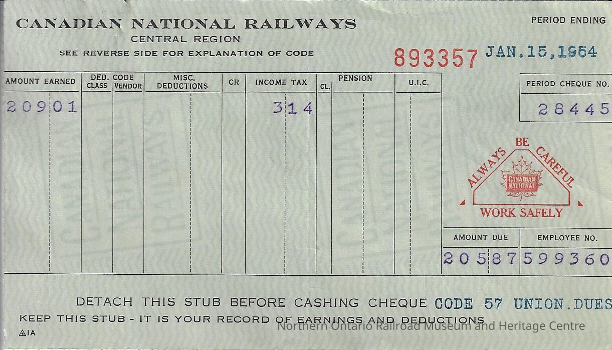 Canadian National branded statement of earnings and deductions belonging to Frank Mazzuca for the pay period ending on January 15, 1954Creator
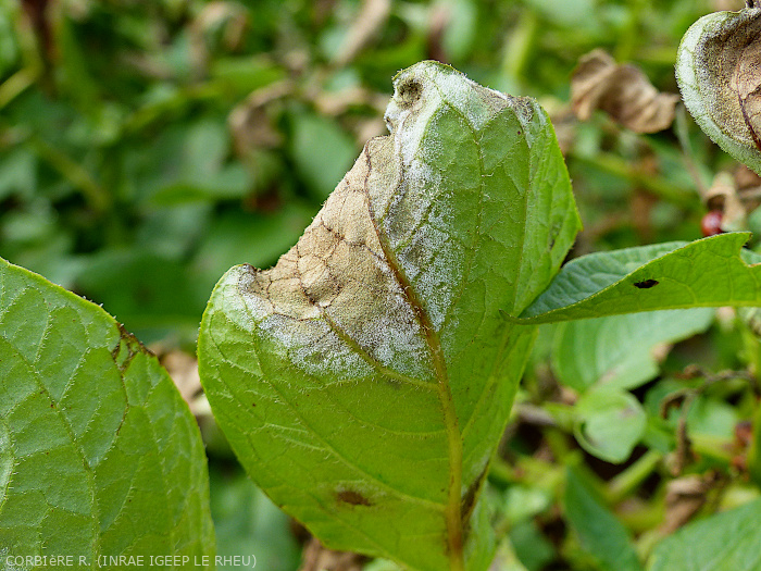 On the lower side of these flecks, especially under humid conditions, a white to grey mould, corresponding to the mycelium and spores of the pathogen, appears (Figures 1-3). (The spores allow the reproduction, but also the dissemination of P. infestans from plant to plant, and hence cause the epidemic propagation between plots or crops).
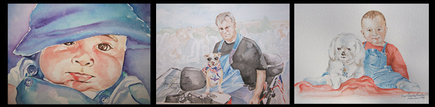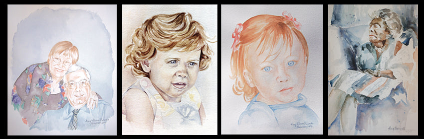 Commission a one-of-a-kind custom, signed watercolor portrait by Amy Ahrens. I use only the finest materials: Arches 100% cotton paper and Winsor & Newton Professional Watercolors for archival quality and exceptional vibrancy. I will deliver an everlasting keepsake for you to cherish for many generations.
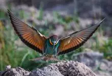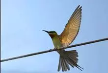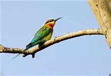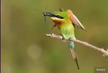 栗喉蜂虎是蜂虎科蜂虎属的鸟类。有热带鸟类羽毛艳丽的特征:喉部是栗红色的,黑色的过眼纹,翅膀和背部是绿色的,尾翼是蓝色的,飞行时翅膀下面的羽毛是橙黄色的,在阳光的照射下,它们全身闪烁着金属般的艳丽光泽,…全部>>
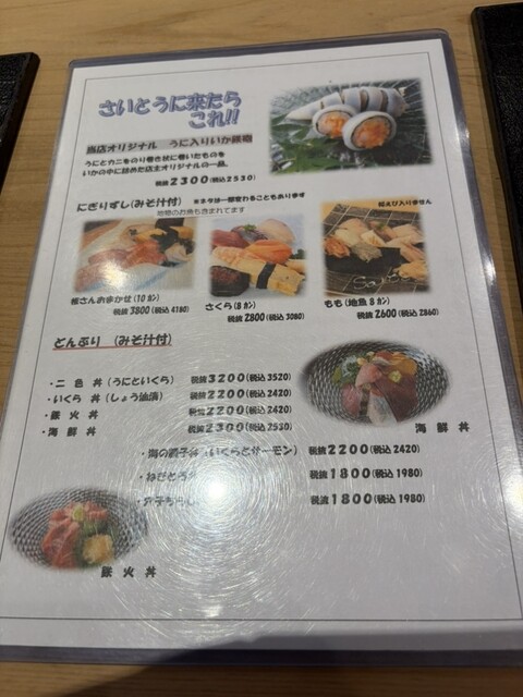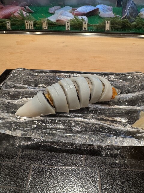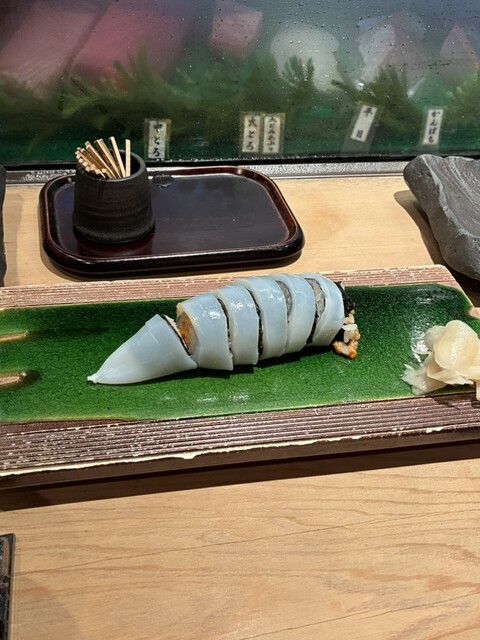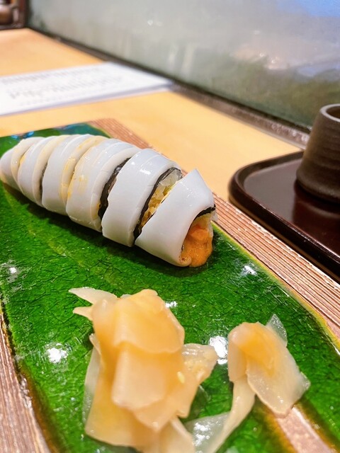 在沼津想吃海鲜时,我特意下车来到这家引人注目的寿司店,享用了〈海胆入鱿鱼炮〉的午餐。
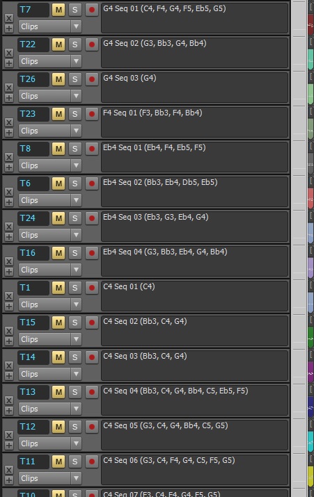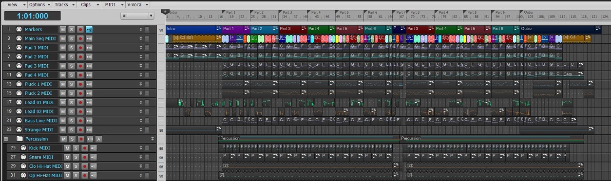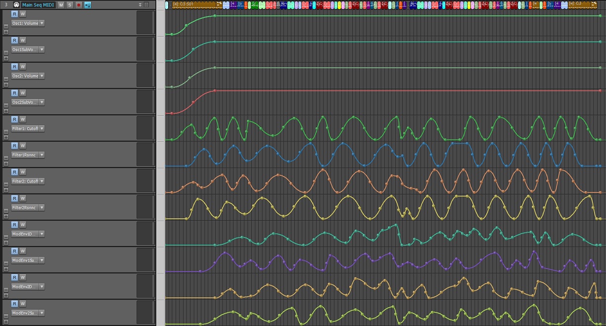 Creating Nessus pt 1 Okay, I'm going to try and give a detailed breakdown of my latest track, as much for my own benefit, as well as giving peeps an insight into my music. It was seven days ago when I saw a post about Hive, the latest release from u-he. It's a VA soft synth and I gave it a quick go and thought, "I'm having that." There are plenty of "one synth" demo's out there, but felt I wanted to give it a go. I normally get bogged down in an eight/sixteen bar idea that goes nowhere. Somehow I managed to break that with this composition. This time I started mapping out a bit of a "structure," by playing with a few different chords. It only took me about three days to map out the whole tune, pretty much. Might sound like a long time but I can take ages with his process. For the chords I used two different pad sounds from Hive's presets, one panned 60% right and the other 60% left. I wanted an evolving sequence running through the whole track, so I used X2's Step Sequencer for that, producing, in total, 23 different sequences based around the different chords, each just one bar long. I "stored" each sequence in its own Take Lane which was then muted. I do this so that I can make notes on each sequence and copy them around as needed. So now I've got my chords and main sequence running through the track. I wanted a percussion section next. Hive isn't multi-timbral, so I had to use an instance of Hive for each item. I went with just four; kick, snare, open and closed hi-hat. I then stuck those tracks in a folder. I mapped out a very simple quarter note pattern on the kick and a simple complement on the snare. The hi-hat is simple too, just a 1/16 pattern. I used velocity at this time to give the percussion some sort of feel. Then I added a bass line, following the tonic of chords, with no complexity whatsoever, varying the length of notes played, nothing else. I then created two more pad tracks, this time panning 80% L/R. The notes played are mainly an arpeggio of the main chords sequence, each track slightly different. Now, although I didn't really need them, I created two more sequence type tracks. These are panned hard L/R this time and are fast attack short release presets played in the upper register. These vary and interweave throughout the main body of the piece. Then came the lead parts. I knew I wanted two, but to start with I placed one instance of Hive, selected a typical synth lead preset and played a load of takes over the top of my backing. I knew these would need some heavy post processing. I've been playing keys for a long time, but I'm still rubbish. And limited in my style too, hence the pentatonic scale used. It was this process that probably took the longest as I had to painstakingly go over each bar and tweak notes back into time. I don't use quantize on lead tracks as I feel that this is the only part of my music that should not sound mechanical and computerised. I drag each note to within a 1/128th off the beat, give or take, which is hopefully enough to make the lead track sound like it has been played by a human. That can play keyboards... Once I finally got the lead part sussed, I loaded another instance of Hive and selected a different lead preset. The MIDI from the first lead track was copied to this. I then had to decide how these two lead part would interact, kind of talking to each other. I split at points I thought felt good and muted one track. This was done throughout the lead tracks and I ended up tweaking/adding notes as I went along. In a couple of places the two lead tracks play in tandem. Next up was to revisit the main sequence. I said that I wanted it to "evolve" and to that end I used automation envelopes. Twelve in all. One on each of three oscillator and sub osc volume controls, four in total. One on the cutoff and resonance of the two filter ADSR mods, another four. And the final four where for the delay and sustain levels of the ADSR mods. I could have used automation on the track volume but I wanted to see how using the Hive oscillator volume controls sounded. Here is a screenshot of the envelope lanes:- This was another lengthy process. I think Sonar could use some improvement when it comes to creating and editing envelopes (assuming there is no change between X2 and Platinum). Finally, I decided that I wanted to add a sort of "effect" type track. So I added a final instance of Hive and tried a number of presets before I arrived at something I thought was suitable. It is used in the intro and outro sections only. So, here's my final track view layout:- Notice how I hide the "instrument" tracks, leaving just the MIDI tracks. I never look at levels in track view and leave that for console view, which is better suited in my opinion. Also, as well as placing markers to show each section I also use a dummy MIDI track that I place clips on with different colours so that it's easier to see, as well as easier to select sections of the song to loop or edit. Okay... I will cover the mixing and mastering stages in another post.
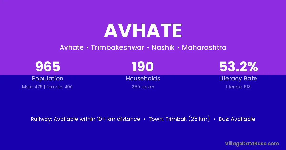 Trimbak (25 km) is the nearest town to Avhate village for major economic activities and is located approximately 25 km away.
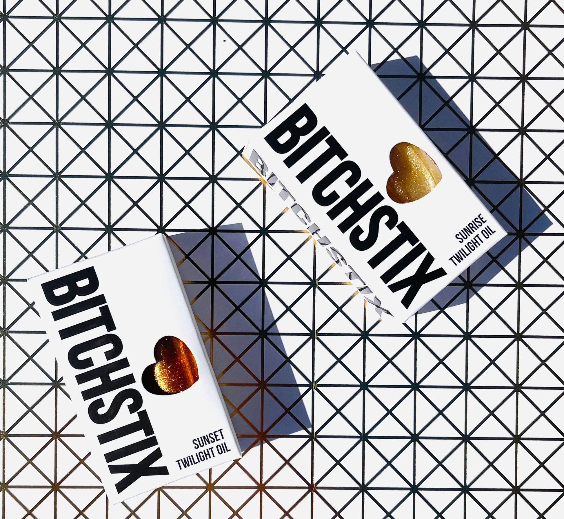 Bitchstix Twilight Oils are silky luxe body oils that quickly absorb and leave your skin glowing, velvety soft and with a shimmering golden glow. Formulated with a blend of naturally derived oils, Bitchstix Twilight Oils work harmoniously to enhance skin texture and provide long lasting hydration. Meadowfoam Seed Oil, contributes to improved skin moisture and strengthens the skin barrier. The combination of Grape Seed Oil, Pomace Olive Oil, Jojoba Oil, and Sunflower Oil brings a rich infusion of Vitamin E and antioxidants, providing nourishment and additional radiance. These multi- use oils can be used on face, body or even your hair to add a touch of golden pearlescence!
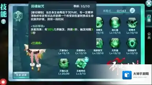 满级效果,有百分之90的几率触发,持续4秒,间隔30.唯一保命技能增加护盾,护盾期间受到伤害均能转换成生命,大大增加五毒的生存能力,无一是雪中送炭。
◇ ◇ ◇ ◇ ◇
**WORK TO COMPLETE:** Of the records above, print only the lines from the one containing "栗喉蜂虎是蜂虎科蜂虎属的鸟类" through the one containing "在沼津想吃海鲜时,我特意下车", inclusive and unaltered, leaving out pictures.

**EXERCISE SOLUTION:**
 栗喉蜂虎是蜂虎科蜂虎属的鸟类。有热带鸟类羽毛艳丽的特征:喉部是栗红色的,黑色的过眼纹,翅膀和背部是绿色的,尾翼是蓝色的,飞行时翅膀下面的羽毛是橙黄色的,在阳光的照射下,它们全身闪烁着金属般的艳丽光泽,…全部>>
 在沼津想吃海鲜时,我特意下车来到这家引人注目的寿司店,享用了〈海胆入鱿鱼炮〉的午餐。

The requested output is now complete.